Denny recommends that the survey covers four areas:
- The firm and its services:
- Are any of our services not being performed satisfactorily?
- Is your work being completed in a timely fashion?
- Do we keep you sufficiently informed on the status of matters?
- Can our communication be improved? If so, how? How can we improve our services?
- The fees and billing:
- Are the billing arrangements satisfactory for you?
- Do we give you good information on ways to reduce the legal expenses?
- Can we help you budget for these expenses?
- Overall satisfaction:
- Have you ever felt that we let you down?
- What’s your opinion of the attorneys you’ve been in contact with throughout the matter? The staff?
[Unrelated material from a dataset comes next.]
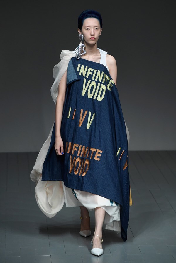 A great disappointment here for me was surprisingly a dress that was almost "normal". The denim one with a gold inscription INFINITE VOID. Which actually perfectly encapsulates the feeling from this model, which is something like endless emptiness...no original idea here.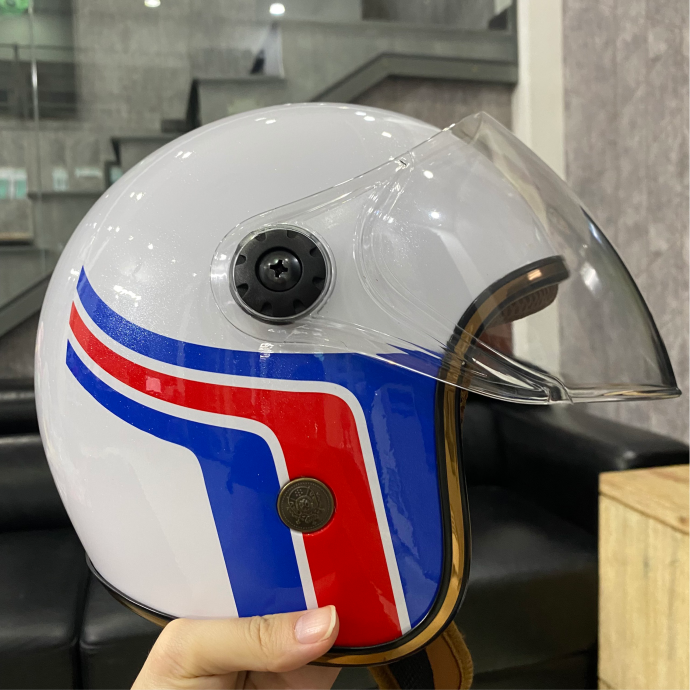 Mũ Bảo Hiểm Nửa Đầu Xanh Sọc Trắng Có Kính – Kiểu Dáng Doanh Nghiệp

- The client’s business: (At this point, look for new business from the client.)
- How is your business going?
- What successes or developments are you seeing?
- Are there any problems you’re having now or see on the horizon?
- Are there any new trends or developments in your industry? If so, what effect will they have on your business and on your legal needs?
- What publications can we read or what seminars, conferences, or meetings can we attend to learn more about your industry?
- Are you aware of the other services we provide? Would you refer others to our firm?
- What are your goals and objectives for the business?
If the client plans to buy out a competitor, the revenues are going to increase and so are the legal needs. Knowing that, the firm can offer its services now and be first in line to get the business.
Conclusion
When you complete each of these four steps, a clear picture of the firm’s strengths, weaknesses, threats, and opportunities will emerge, allowing you to set applicable goals for a successful new year.